Today’s patients expect near-perfect refractive outcomes. Don’t dabble in cataract surgery; if you cannot see well enough to perform high-quality vitreous surgery, send the patient for cataract surgery before performing macular surgery.  Phaco-vit surgery does not produce consistent, precise refractive outcomes that patients want and deserve.

Vitrectomy does not cause cataract; it causes rapid progression of pre-existing nuclear sclerosis. Do not hesitate to do a lensectomy in inflammatory, proliferative vitreoretinopathy, complex trauma or uveitis cases. Do not leave capsule, touch iris or implant an intraocular lens in severe uveitis vitrectomy cases. Contact-based macular visualization produces better lateral and axial resolution (modulation transfer function) than non-contact visualization (BIOM, Oculus, or ReSight, Carl Zeiss) by eliminating all corneal asphericity. Contact-based wide angle-visualization provides 10 degrees greater field of view than non-contact and better resolution.


Vitreoretinal surgery is not an extreme sport or fame game.

Surgery is not about making a show-and-tell video or doing combined procedures, endoscopy or intraoperative optical coherence tomography; it is about focusing on the primary surgical goal—restoring or preserving vision. Overly aggressive posterior vitreous detachment creation causes many iatrogenic retinal breaks and excessive use of silicone oil.


Linear thinking produces bad outcomes; multi-branching algorithms are essential for problem solving.

Understanding, concept-based learning is essential and is far more effective and utilizable than rote memorization, content-based learning. Vitreoretinal surgeons should understand the physics behind surgical fluidics and imaging, the physical chemistry of silicone oil, gas and liquid perfluorocarbon, and the biology of angiogenesis and apoptosis.  The surgeon must learn how to set up and operate all vitreoretinal machines to avoid mistakes and dependence on the OR staff.


There is no standard approach or “gold standard” in medicine.


Technology, techniques and bio-science rapidly evolve and the surgeon must evolve in parallel. Vit-buckles are obsolete; they produce poor refractive outcomes, pain and strabismus; are not cost effective because of long operating times; and definitely not minimally invasive.


Lifetime learning is essential to the practice of medicine.

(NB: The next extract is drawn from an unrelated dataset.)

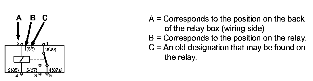 The diagram indicates two or three different designations for the relay's position. This is described in the above figure.

Surgery is not about making a show-and-tell video ... it is about restoring vision. 
It is not just about CME hours, it is about attending many meetings every year, interacting with trusted colleagues, incessant reading, learning the science behind diseases and therapeutic tools. Lifetime learning helps patients and is inherently interesting, not drudgery.


Surgical goals and techniques are diagnosis-dependent.

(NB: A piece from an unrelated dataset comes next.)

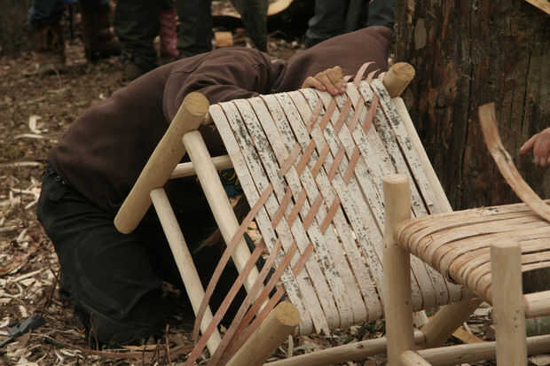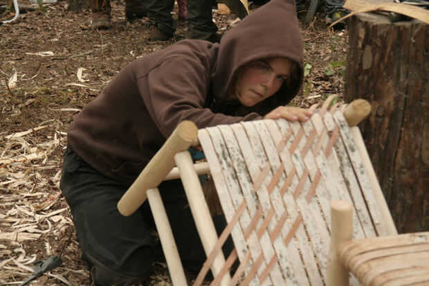 Una serie de tiras de tejido a través de la urdimbre (se trata de la trama). El patrón, la orientación y el ancho son una cuestión de preferencia. Mayoría de los participantes eligió a tejer sobre uno y bajo otro, pero patrones más complejos son posibles. Más también se utiliza una anchura de banda. Muchas personas creadas color contraste alternando lado fue para arriba. Si la deformación es demasiada será difícil tejer la trama. Si es difícil tirar de la corteza a través de la urdimbre, pruebe a cortar los extremos a un punto, frotar los extremos con cera blanda, o tirando de los extremos a través de con un palo aplanado (fid). Mayoría de los participantes volver a tejió una segunda capa de tiras de corteza más estrechas al doble la fuerza de apretar las cosas y crear una trama más interesante.

The highest possible cutting rates should be used for all tasks and all cases except for dense fibrous tissue after the vitreous has been removed. Virtually all macular surgery patients require brilliant blue assisted internal limiting membrane peeling using ILM forceps peeling; the indications include epimacular membrane, partial and full thickness macular holes, vitreomacular schisis and vitreomacular traction syndrome.
Indocyanine green can be toxic and should be replaced by brilliant blue for ILM staining; triamcinolone particulate marking is not specific for ILM. Peripheral vitreous shaving is not indicated for macular surgery patients but retinal detachment patients with or without PVR require removal of the majority of peripheral vitreoretinal traction.

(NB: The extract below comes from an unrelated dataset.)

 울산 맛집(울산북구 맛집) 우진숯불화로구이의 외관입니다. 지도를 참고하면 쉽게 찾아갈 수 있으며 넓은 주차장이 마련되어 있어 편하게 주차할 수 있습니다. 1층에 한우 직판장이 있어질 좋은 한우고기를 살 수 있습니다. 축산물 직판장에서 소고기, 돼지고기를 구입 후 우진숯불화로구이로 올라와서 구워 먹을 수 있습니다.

Scissors delamination skills are essential for diabetic traction retinal detachment surgery even though 25/27 ga. conformal and foldback cutter delamination using high cutting rates allows the surgeon to safely remove substantial epiretinal membrane. Endophotocoagulation is preferable to laser indirect ophthalmoscope for retinopexy and panretinal photocoagulation in a vitrectomy setting. Endophotocoagulation is better than diathermy for hemostasis because it reduces collateral damage and is non-contact. Reoperation for PVR or epimacular membrane in patients with silicone oil should be performed “under” oil, not by removing oil and reinjecting it. Operation under oil is a subset of interface vitrectomy; vitrectomy under PFO and vitrectomy under air are crucial parts of the surgeon’s technique repertoire. Medium-term perfluoro-n-octane (two weeks) is ideal for all inferior retinal detachments including phakic eyes, PVR, primary rhegmatogenous retinal detachments, inferior, nasal and temporal giant breaks.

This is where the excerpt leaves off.